Information supplied section start
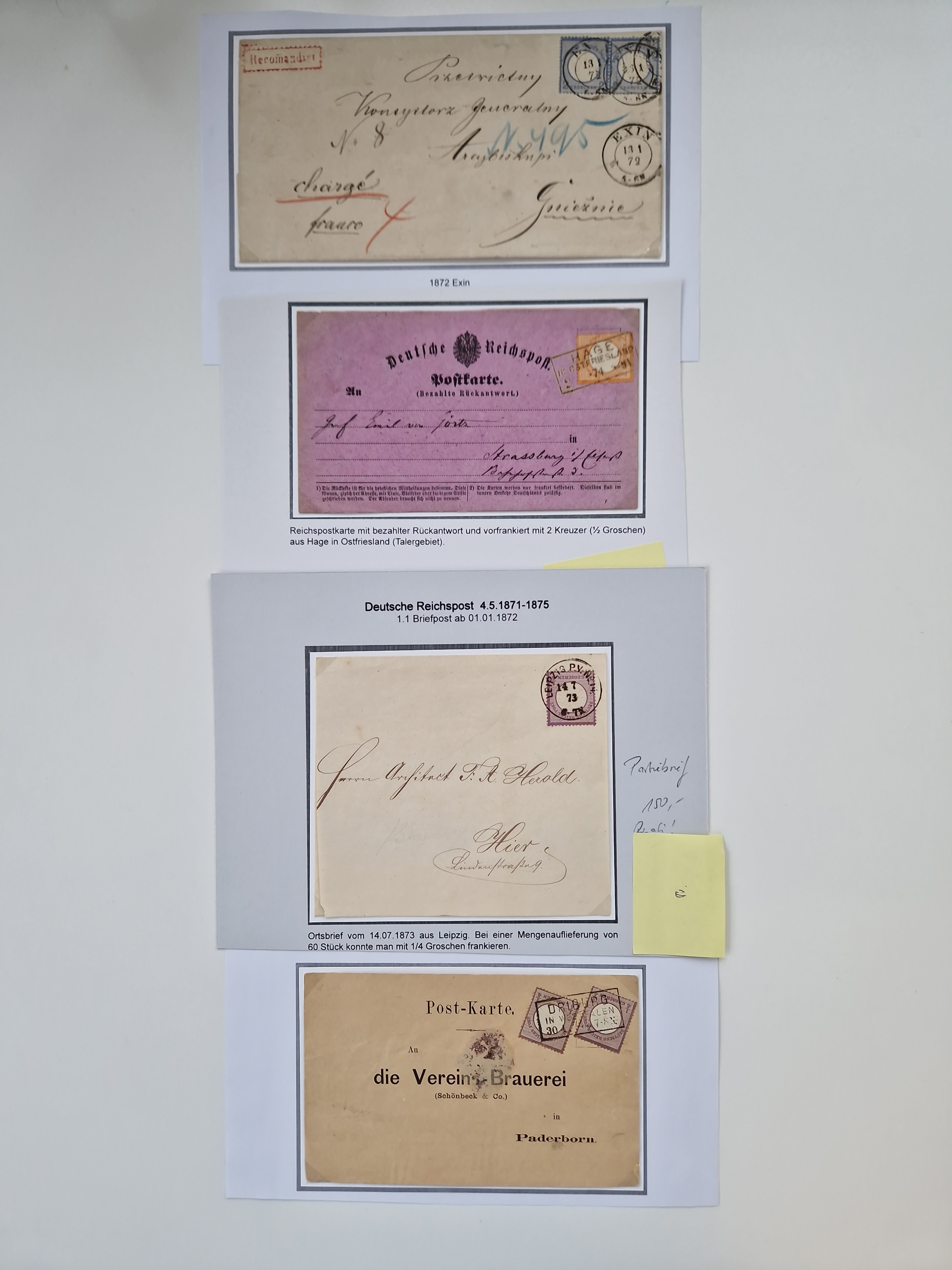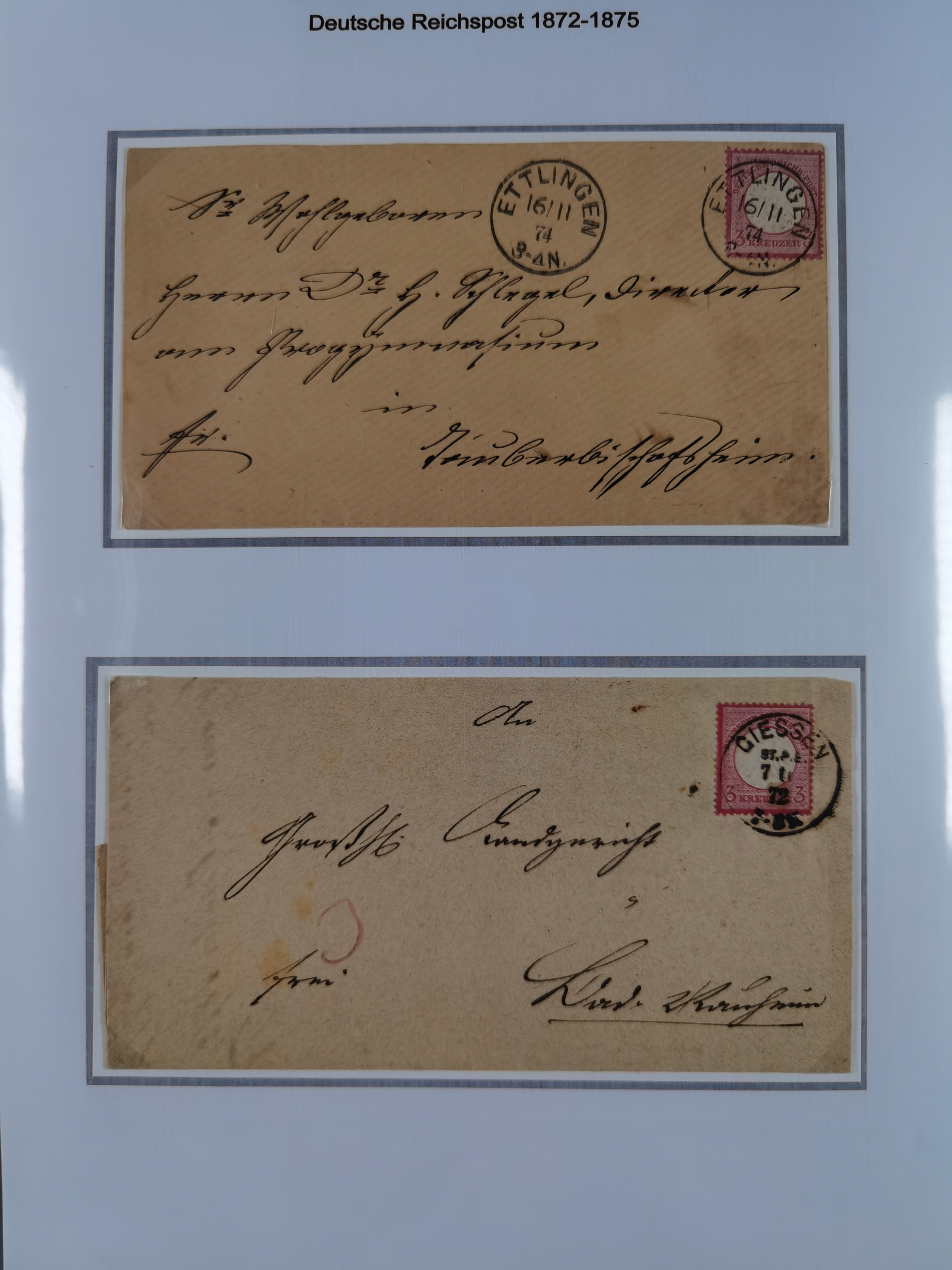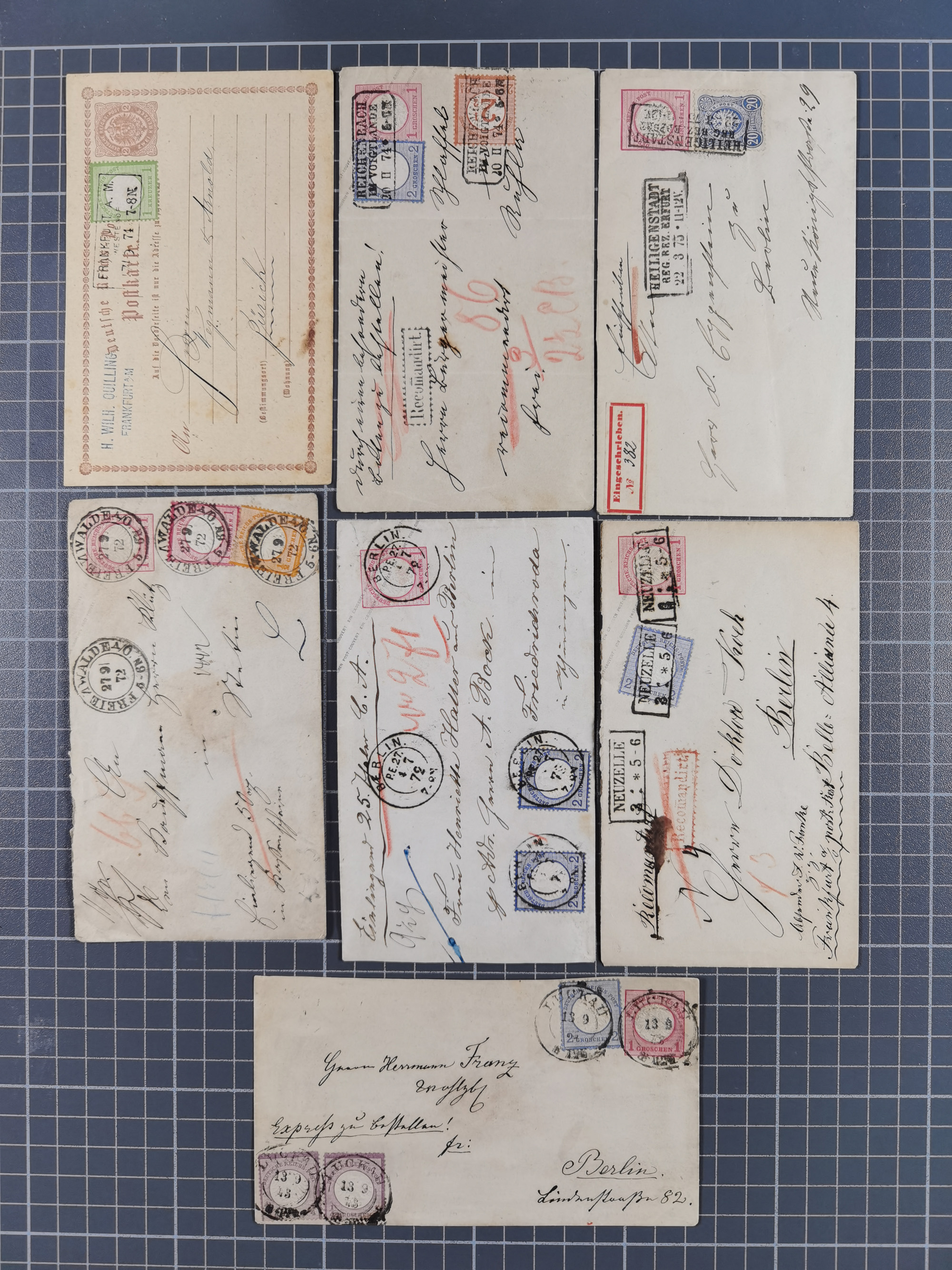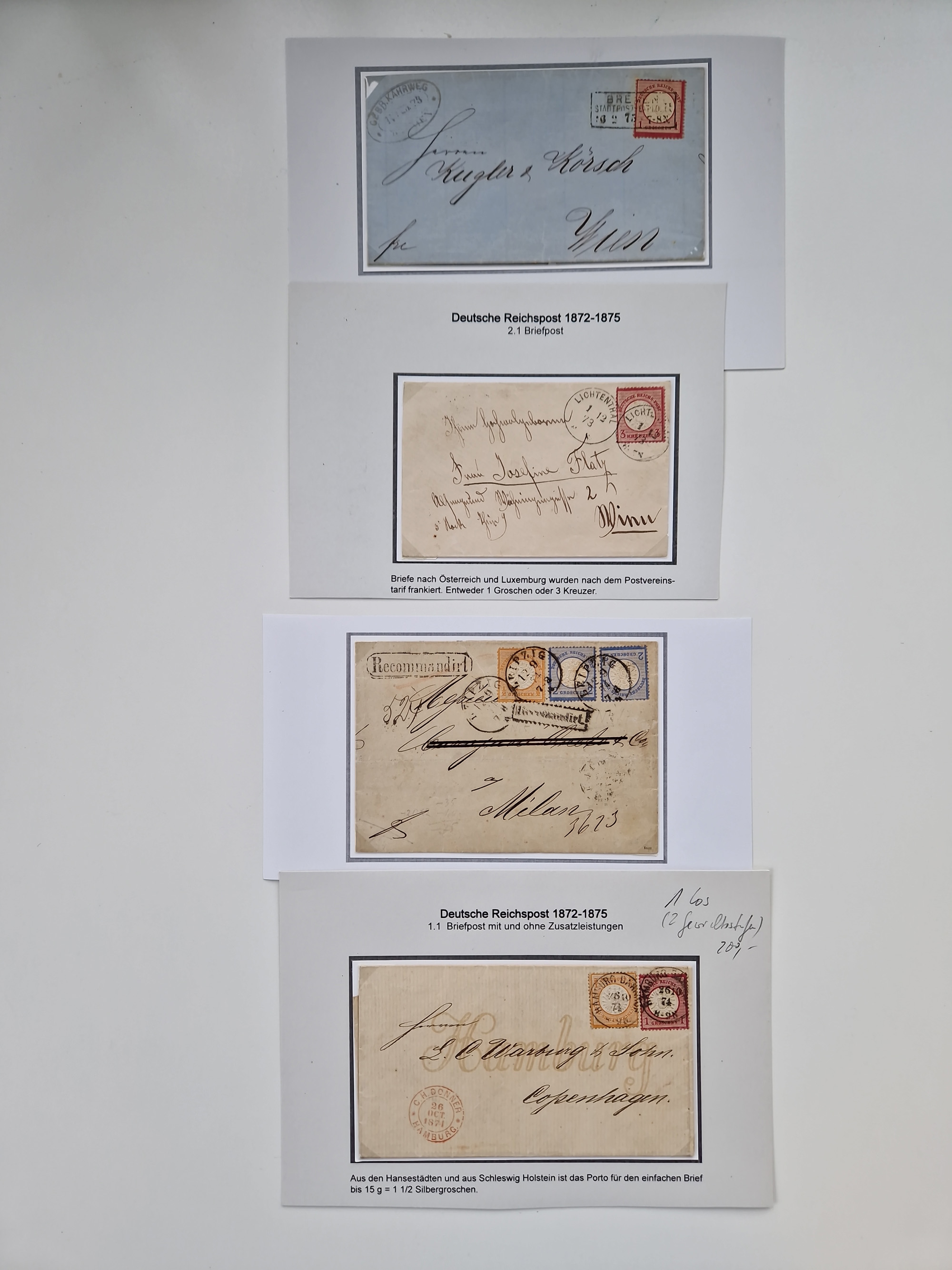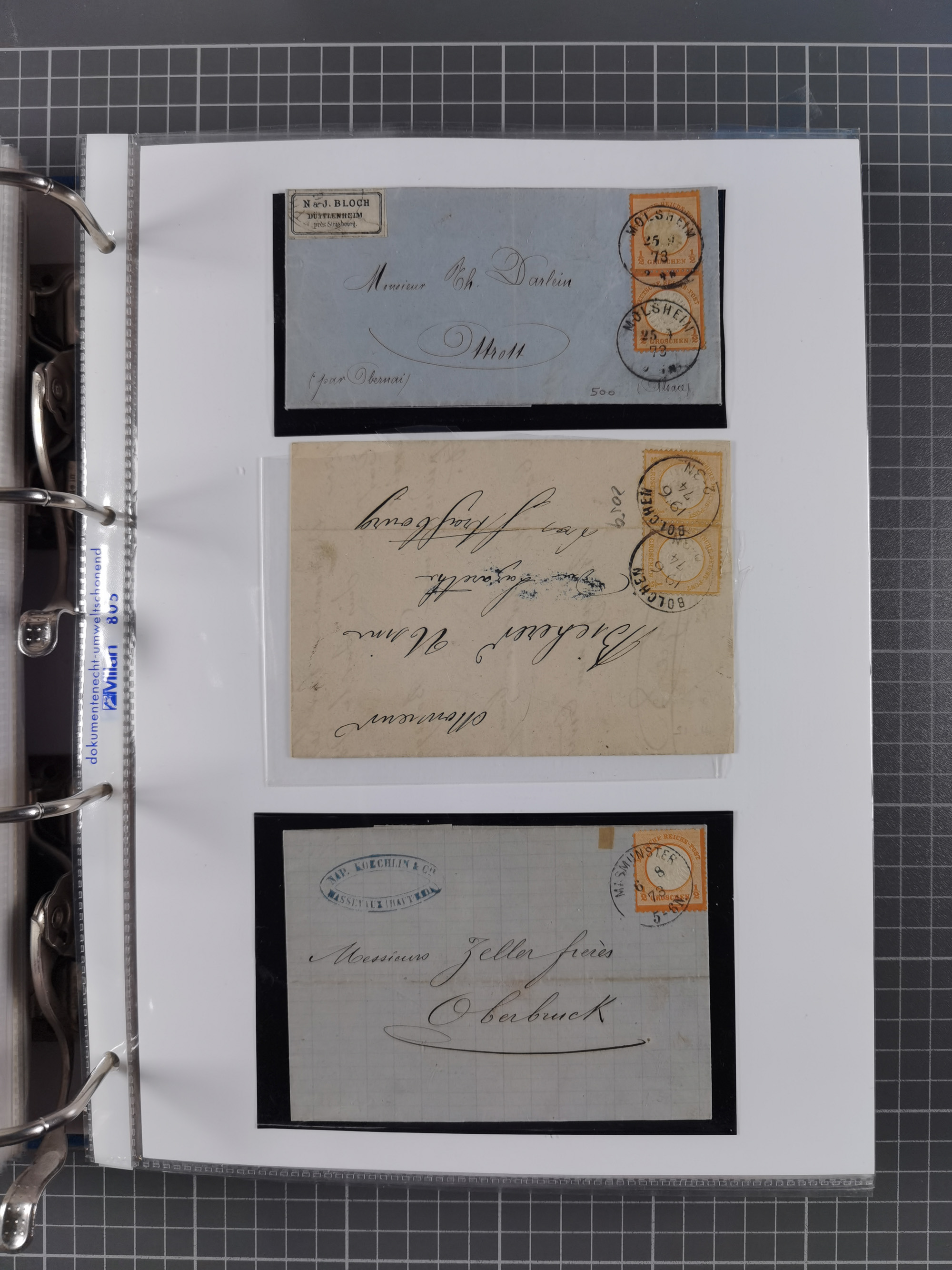 1872/74, umfangreiche Sammlung mit über 100 Briefen und Karten mit besseren Einzel- und Mehrfachfrankaturen, R- und Wertbriefen, Express-Briefe, interessante Stempel und weiteren Besonderheiten. Dabei u.a. Mi.-Nr. 1 (2) + Paar 21a auf R-Express-Brief (FA Sommer BPP), Mi.-Nr. 3 (7) auf Express-Brief (1 Wert fehlerhaft), Mi.-Nr. 5 im Paar auf Express-Brief mit Landzustellung (FA Brugger BPP), zwei Einzelfrankaturen Mi.-Nr. 11 auf Wertbriefen (repariert, einmal mit FB Krug BPP), Mi.-Nr. 17a(2) auf Drucksache der 2. Gewichtsstufe (FA Krug BPP), Mi.-Nr. 19 auf P1 als R-Ortskarte von Berlin (FA Sommer BPP) und Mi.-Nr. 23a+30 auf Wertbrief. Die Erhaltung ist zum Teil fehlerhaft, vieles signiert bzw. mit FB und Fotoattesten, ex Untermann
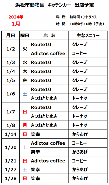 1月のキッチンカー出店スケジュールを掲載します。
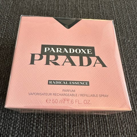 skråstilte Prada-trekanten, husets ikoniske signatur. Flakonen er lakkert i en intens og forførende fargegradering fra dypest svart til husets ikoniske grønne farge. Den ytre esken er preget for å gjenspeile merkets signatur Saffiano-skinn med krysskravering, signert med en sølvfarget Prada-logo.
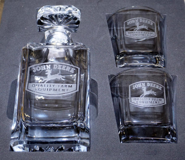 Neat set, custom made by a local artist, Decanters & glasses are etched, wood display box is laser engraved too, looks great, great Christmas present!
Information supplied section end
Transcribe the lines above exactly, setting aside any picture among them.

Problem solution:
 1872/74, umfangreiche Sammlung mit über 100 Briefen und Karten mit besseren Einzel- und Mehrfachfrankaturen, R- und Wertbriefen, Express-Briefe, interessante Stempel und weiteren Besonderheiten. Dabei u.a. Mi.-Nr. 1 (2) + Paar 21a auf R-Express-Brief (FA Sommer BPP), Mi.-Nr. 3 (7) auf Express-Brief (1 Wert fehlerhaft), Mi.-Nr. 5 im Paar auf Express-Brief mit Landzustellung (FA Brugger BPP), zwei Einzelfrankaturen Mi.-Nr. 11 auf Wertbriefen (repariert, einmal mit FB Krug BPP), Mi.-Nr. 17a(2) auf Drucksache der 2. Gewichtsstufe (FA Krug BPP), Mi.-Nr. 19 auf P1 als R-Ortskarte von Berlin (FA Sommer BPP) und Mi.-Nr. 23a+30 auf Wertbrief. Die Erhaltung ist zum Teil fehlerhaft, vieles signiert bzw. mit FB und Fotoattesten, ex Untermann
 1月のキッチンカー出店スケジュールを掲載します。
 skråstilte Prada-trekanten, husets ikoniske signatur. Flakonen er lakkert i en intens og forførende fargegradering fra dypest svart til husets ikoniske grønne farge. Den ytre esken er preget for å gjenspeile merkets signatur Saffiano-skinn med krysskravering, signert med en sølvfarget Prada-logo.
 Neat set, custom made by a local artist, Decanters & glasses are etched, wood display box is laser engraved too, looks great, great Christmas present!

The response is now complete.